What about the 'tax torpedo' (high effective marginal rates from Social Security taxation)?+
The provisional-income calculation in the corpus is structurally correct, so engines that handle the calculation will produce correct tax-torpedo identification. The corpus includes households where the tax torpedo creates 40%+ effective marginal rates on incremental income — useful for testing engine recommendations against this specific structural feature.
Can the engine handle late-retiree simplification (consolidating accounts, simplifying for survivor)?+
Late-retiree households (RL-* archetypes, age 80+) in the corpus are structured to support the simplification planning case. The engine can recognize the simplification pattern and adjust recommendations accordingly — fewer Roth conversion recommendations, focus on RMD compliance and beneficiary alignment.
How does this work alongside the firm's CRM?+
The B03 schema uses field names compatible with the major RIA CRMs (Salesforce Financial Services Cloud, Wealthbox, Redtail). The Methodology PDF includes a field-mapping appendix. Engine outputs (recommended claiming age, Roth conversion schedule, withdrawal sequence) can be written back to the CRM for advisor surfacing.

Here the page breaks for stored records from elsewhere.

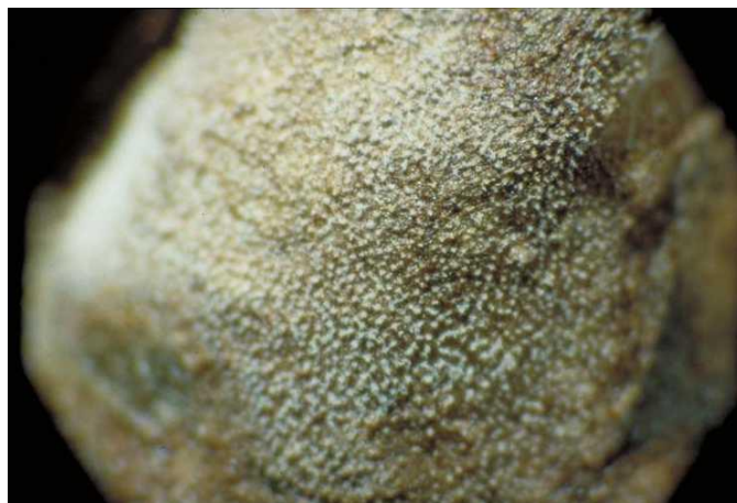
Slika 35. Konidiospore s konidija Ramularia beticola
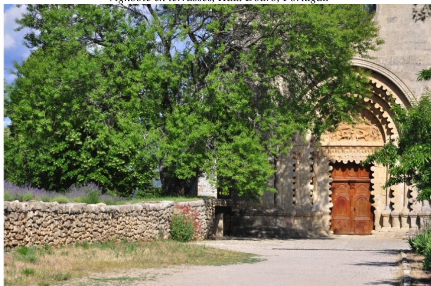
Accompagnement du Prieuré de Ganagobie, Alpes de Haute Provence, France.
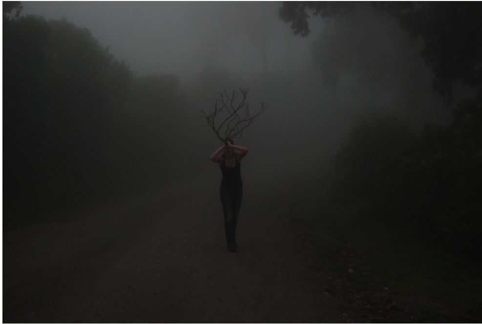
Recherches autour de la figure du cerf.
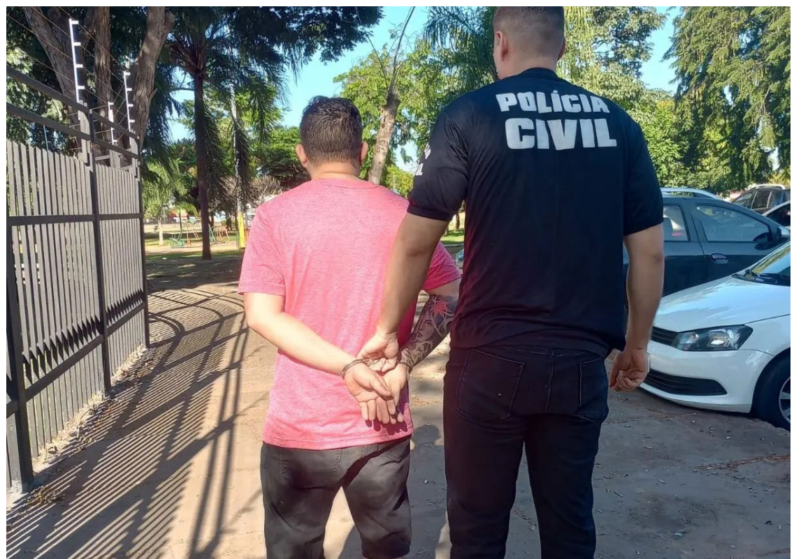
Queda dos índices de feminicídio é resultado do trabalho de integração das forças policiais

A criação da Delegacia Estadual de Atendimento Especializado à Mulher (Deaem) ampliou a atuação das 1ª e 2ª Delegacias Especializadas no Atendimento à Mulher (Deam) de Goiânia e tem como objetivo fortalecer a rede de combate à violência contra a mulher. Existem 26 Deams no estado.
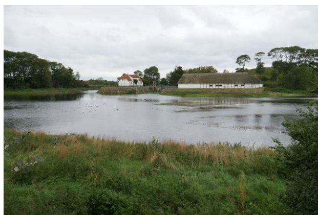
Søbygård set fra øst
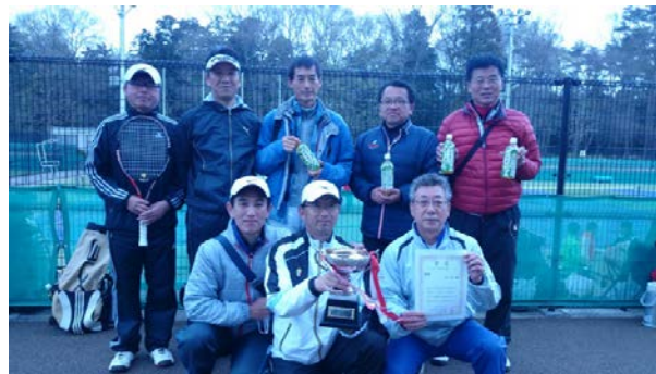
優勝 フリーザ (ブラック)
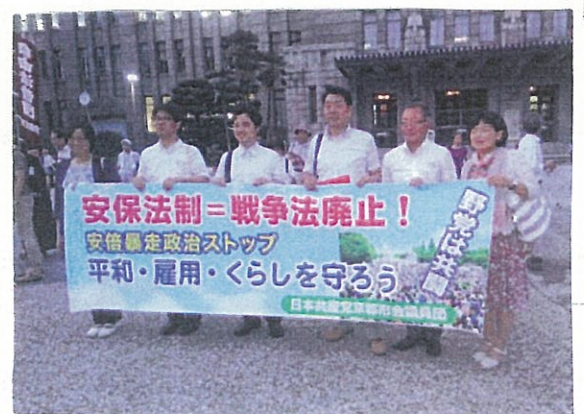
8月19日「戦争法廃止! 京都デモ、集会」に500人の人々が参加。私も市議団の人たちと参加しました。

安保法制(戦争法)No. 自衛隊員の命を守る! 政府は、昨年9月に強行成立させた安保法制(戦争法)に基づく自衛隊の新任務の訓練を全面的に着手しようとしています。治安情勢が悪化しているアフリカ・南スーダンの国連平和維持活動(PKO)に11月から派兵予定の陸上自衛隊へ新たな任務を加えようとされています。駆けつけ警護で武器使用も可能とするものです。殺し殺される危険が高まります。絶対に止めなければなりません。
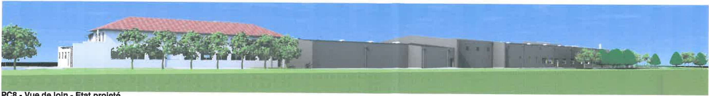
PC8 - Vue de loin - Etat projeté
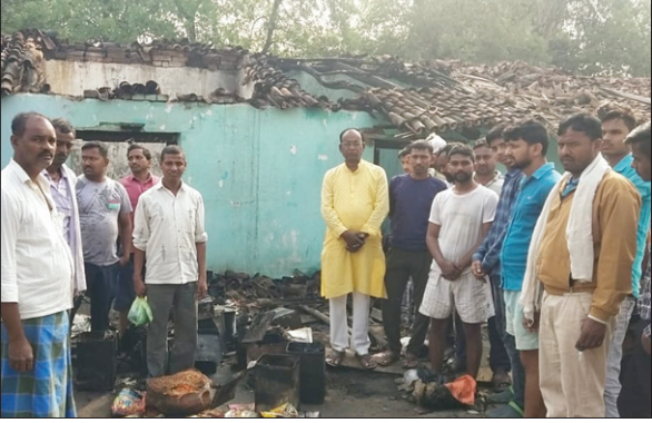
घटना के बाद नुष्ट आसपास के लोग।

जिले के तरहसी थाना क्षेत्र के बेदानी कला में स्थित एक किराना स्टोर में आग लगा दी गई। आग से करीब तीन लाख की संपत्ति जलकर नष्ट हो जाने की जानकारी दी गई है। इस संबंध में अंचल कार्यालय के साथ-साथ थाना में भी आवेदन देकर मुआवजा और घटना की जांच करने की मांग की गई है। दुकान में आग लगा देने की आशंका जताई है।

What about state tax differences (FL no income tax vs CA high state tax)?+
State tax differences materially affect the engine's recommendations — Roth conversions in FL are more attractive than in CA because of the absence of state-level recognition. The corpus structures each household's state of tax residence, and the recommended approach is to apply state-tax assumptions in the projection. The B22 Multi-State Tax Optimization Pack is the companion bundle for households with active multi-state planning.